__Problem to work on__
Go to the line containing "Gestern Abend hat" and retype it and every later line exactly as written, up to the last line of the entries. Keep pictures out.
┌─ Material provided
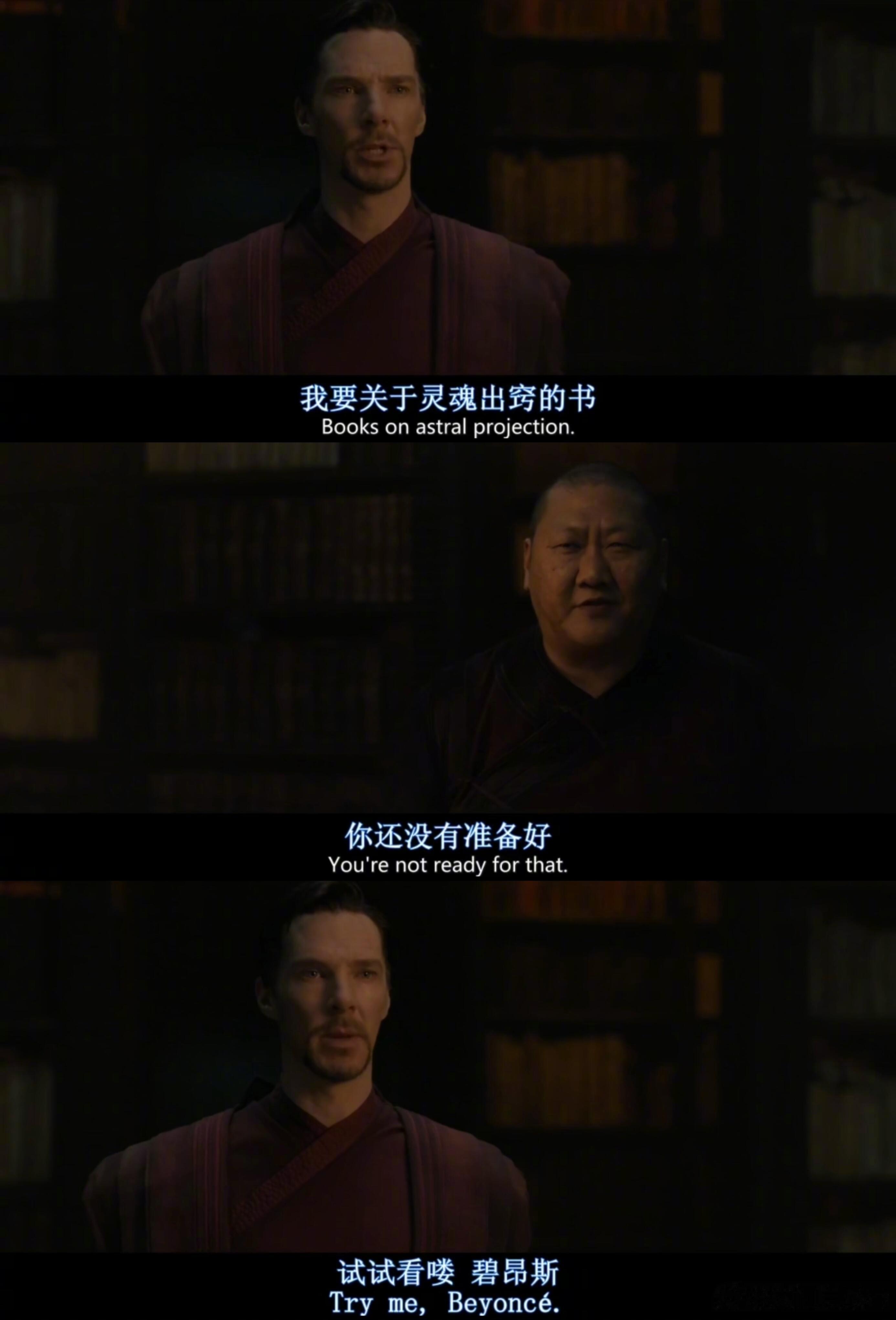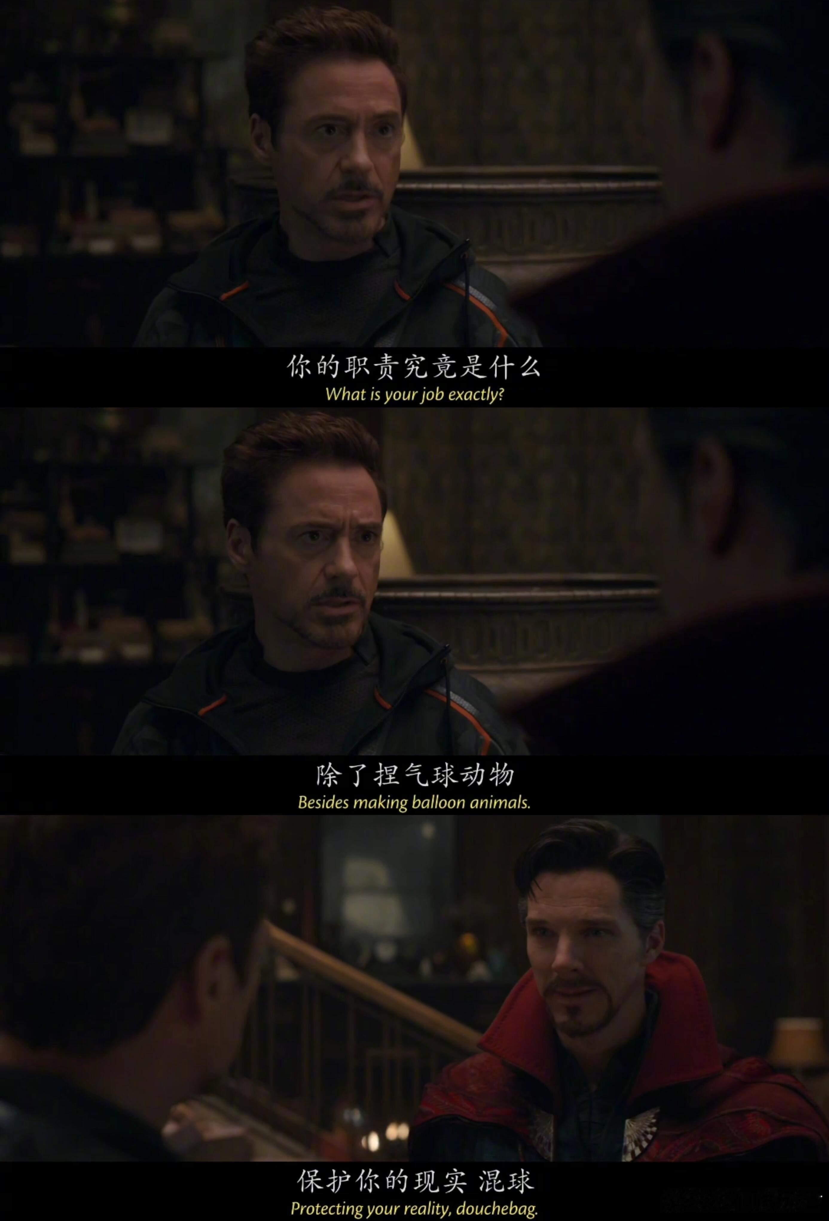 怼黑蝠王:有人头上有叉子怼里德:你们的歌有上排行榜吗怼托尼:有点磕牙/混球怼雷神:你有电话吗怼蜥蜴人:一坨又黏又绿的鬼东西怼克里斯汀:我才不去你那个屠宰场怼克里斯汀:等等,你们不会睡了吧怼古一:你也仅是宇宙里的一颗微小尘埃怼卡西利亚斯:混蛋怼旺达:讲个der理怼老王:碧昂丝笑死了,一条毒舌无差别攻击,都得挨斯特兰奇骂
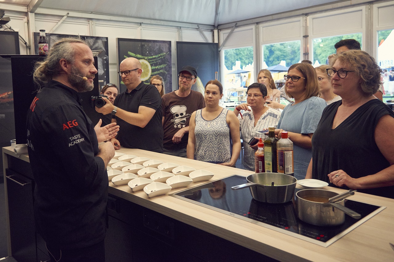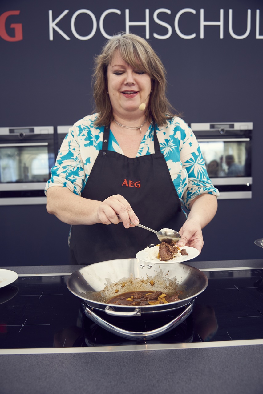AEG war mit einigen Features vertreten, unter anderem der Kochschule und der Taste Academy. Ich war am Freitag Abend da und wanderte erst einmal in die Kochschule, um zusammen mit Claudia Okinawa Ginger Beef zuzubereiten.
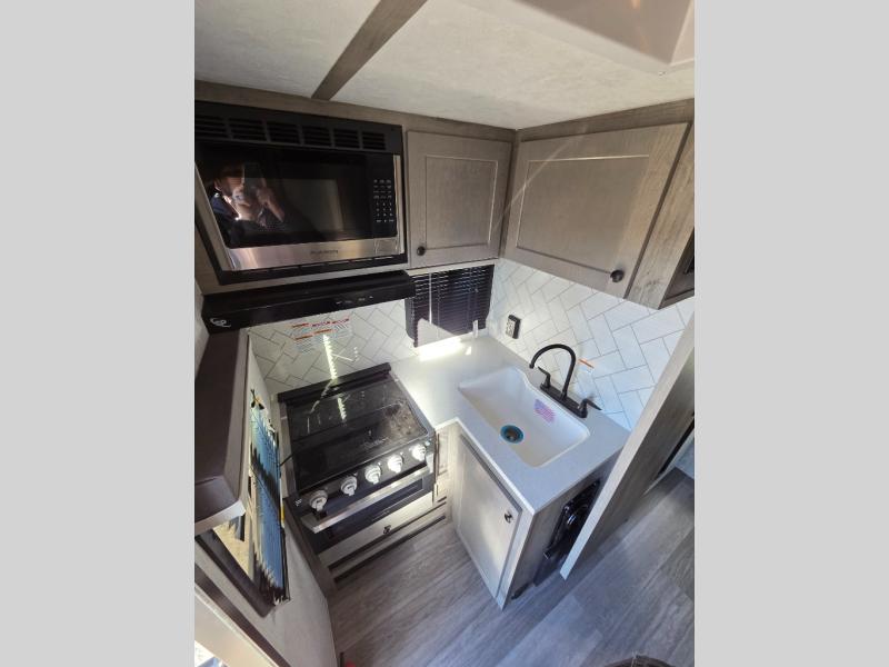 If you're looking for a little more comfort in a truck camper, your search is over! Once you stop for the day, you can make dinner on the three burner stove top, wash up in the wet bath, then relax on the sofa. The front bed will provide a comfy place to rest your head each night so you can tackle the day ahead. This unit includes the Sun Trek Camping Package that features a 6 gallon DSI gas water heater, a 20 lb. LP tank, a range hood with a vent plus more!
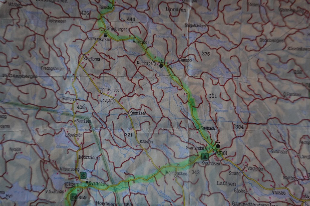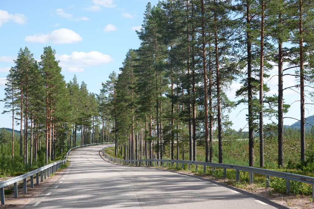 Gestern Abend hat Klaus lange an unserer heutigen Strecke geplant. Er hat sich alle Teilstrecken in Google Street View angesehen und genau nachgeprüft, ob sie asphaltiert sind oder nicht. Denn unsere heutige Strecke hat es in sich. Es geht richtig in die Berge, die gibt es auch südlich vom Norrlands Porten. Es geht stetig bergauf, glücklicherweise auf Asphalt.
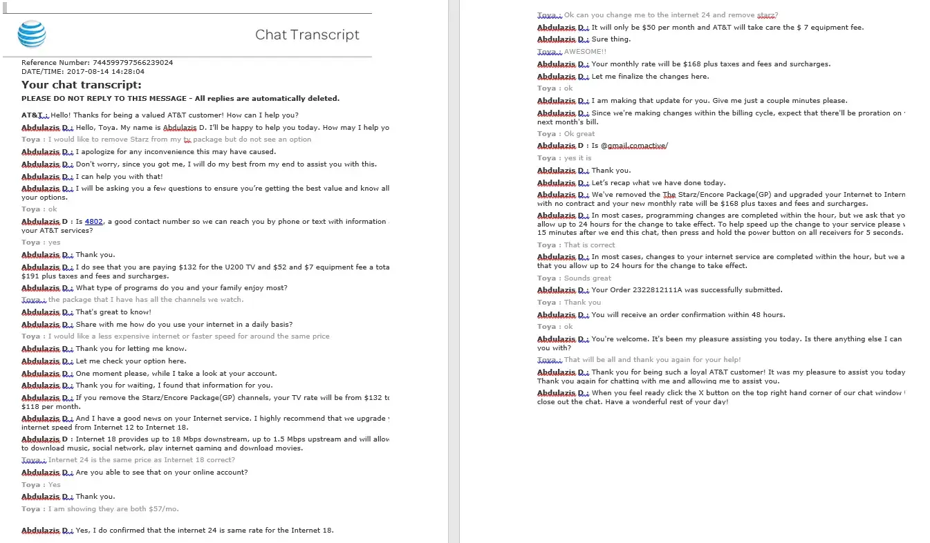 Service Cancelled after this chat conversation on 8/14:
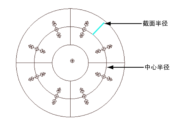 “绕轴”(Around Axis)值为 2 会使粒子绕中心轴旋转。对于圆环,中心轴是圆环实心部分中心内的环形。
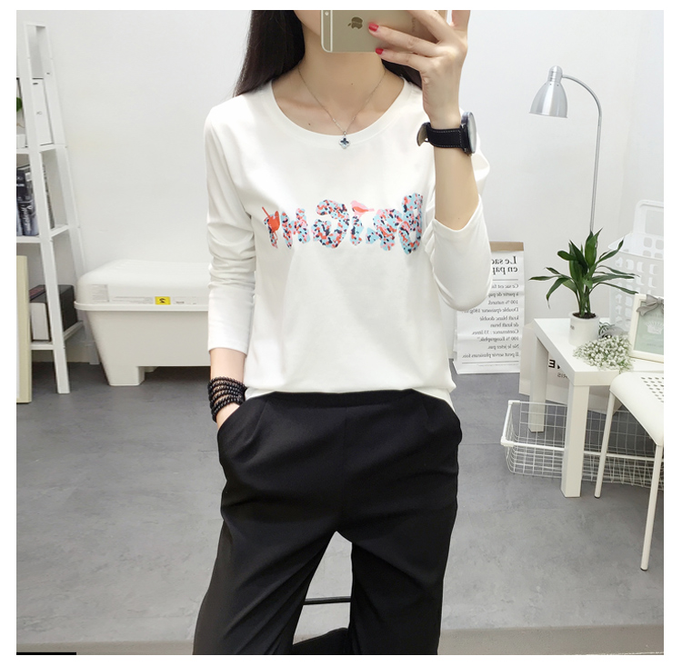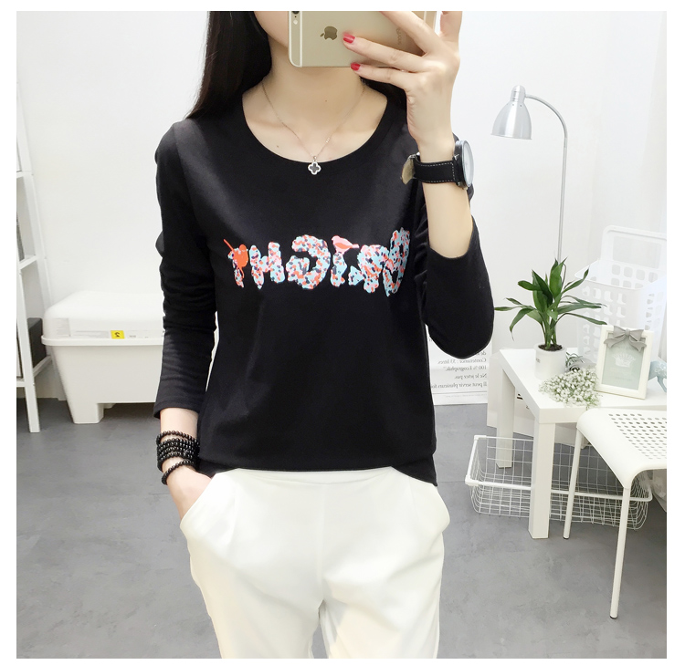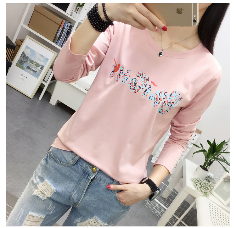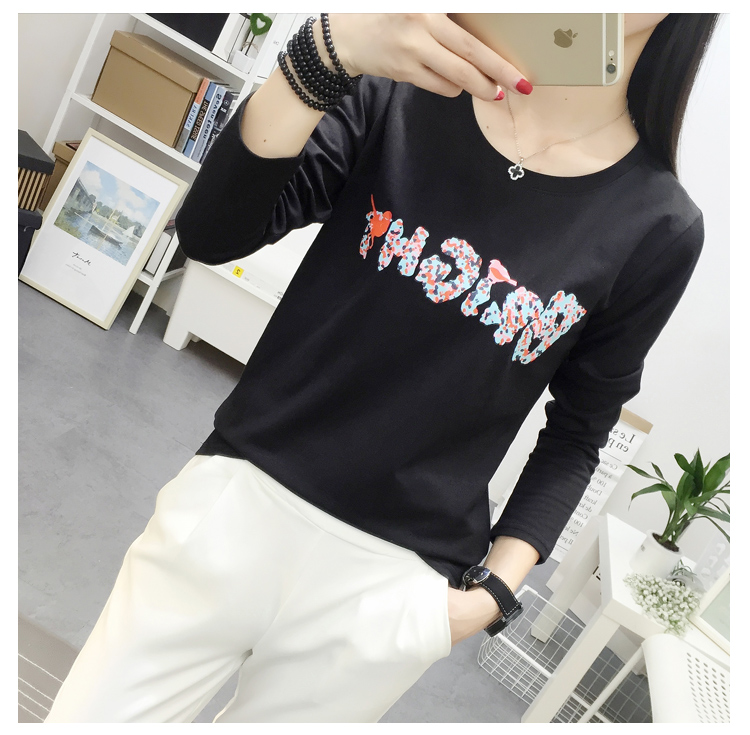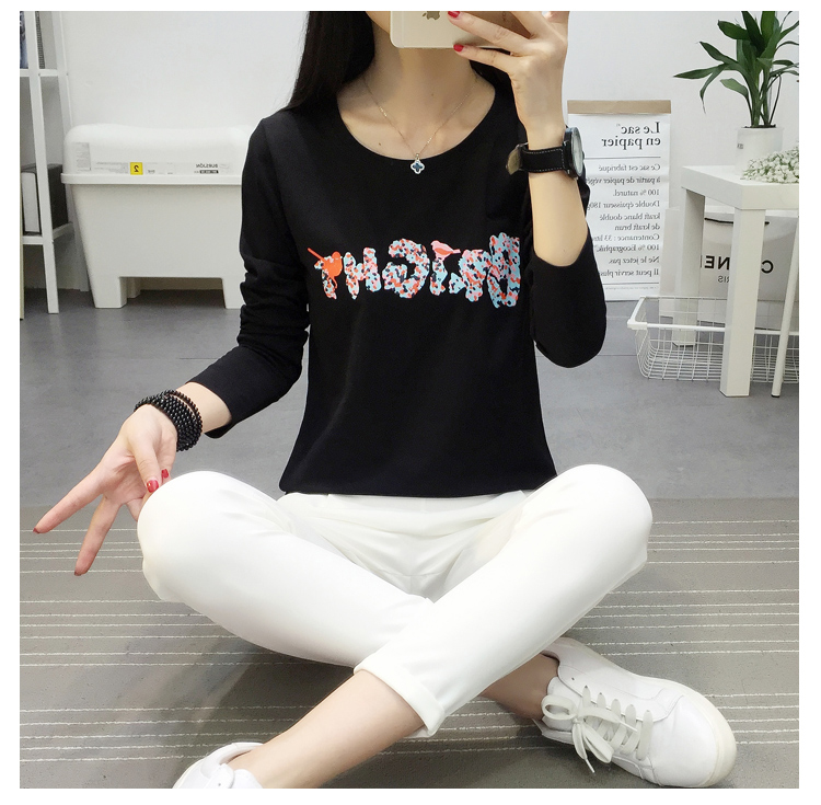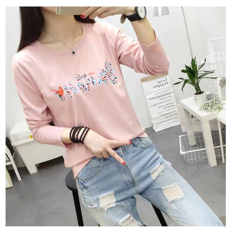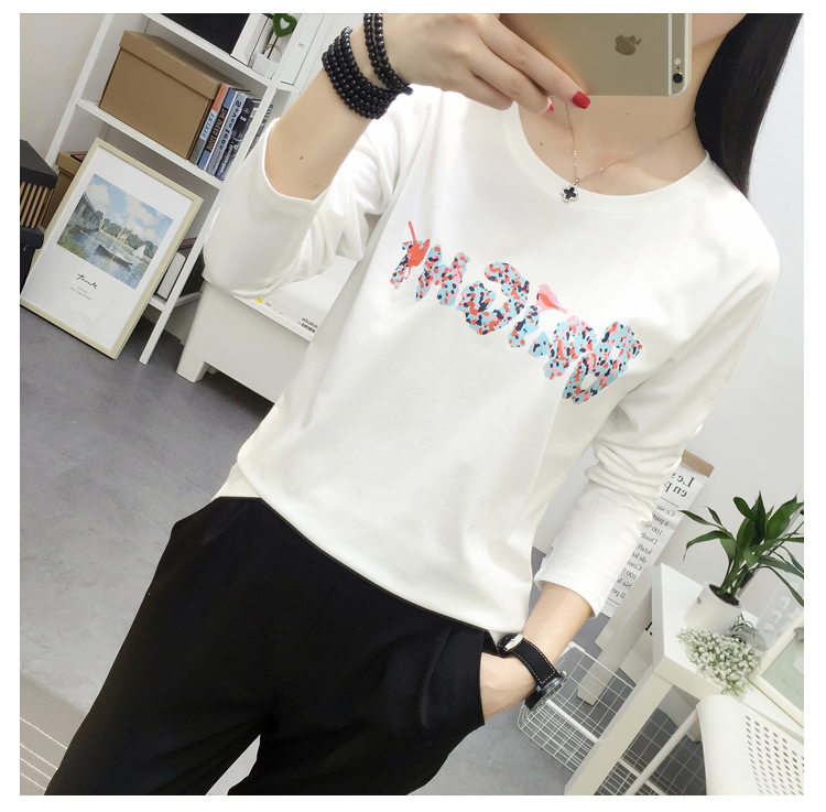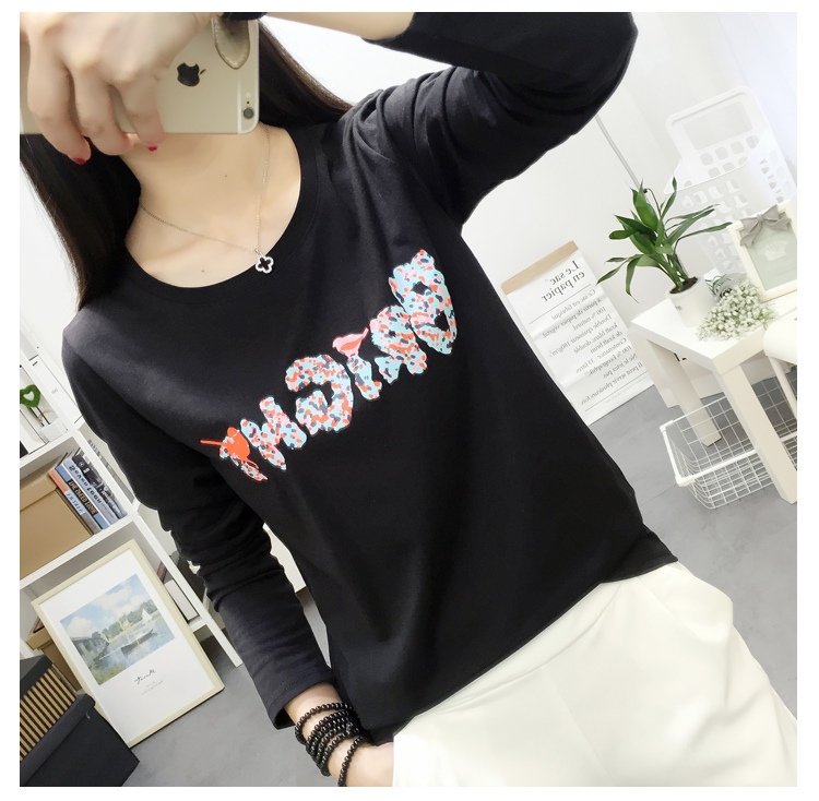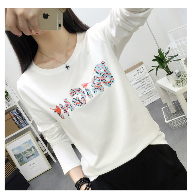2019春裝新款寬松大碼韓版百搭長袖女T恤打底衫復字母休閑上衣潮
└─
__Solution__
 Gestern Abend hat Klaus lange an unserer heutigen Strecke geplant. Er hat sich alle Teilstrecken in Google Street View angesehen und genau nachgeprüft, ob sie asphaltiert sind oder nicht. Denn unsere heutige Strecke hat es in sich. Es geht richtig in die Berge, die gibt es auch südlich vom Norrlands Porten. Es geht stetig bergauf, glücklicherweise auf Asphalt.
 Service Cancelled after this chat conversation on 8/14:
 “绕轴”(Around Axis)值为 2 会使粒子绕中心轴旋转。对于圆环,中心轴是圆环实心部分中心内的环形。
2019春裝新款寬松大碼韓版百搭長袖女T恤打底衫復字母休閑上衣潮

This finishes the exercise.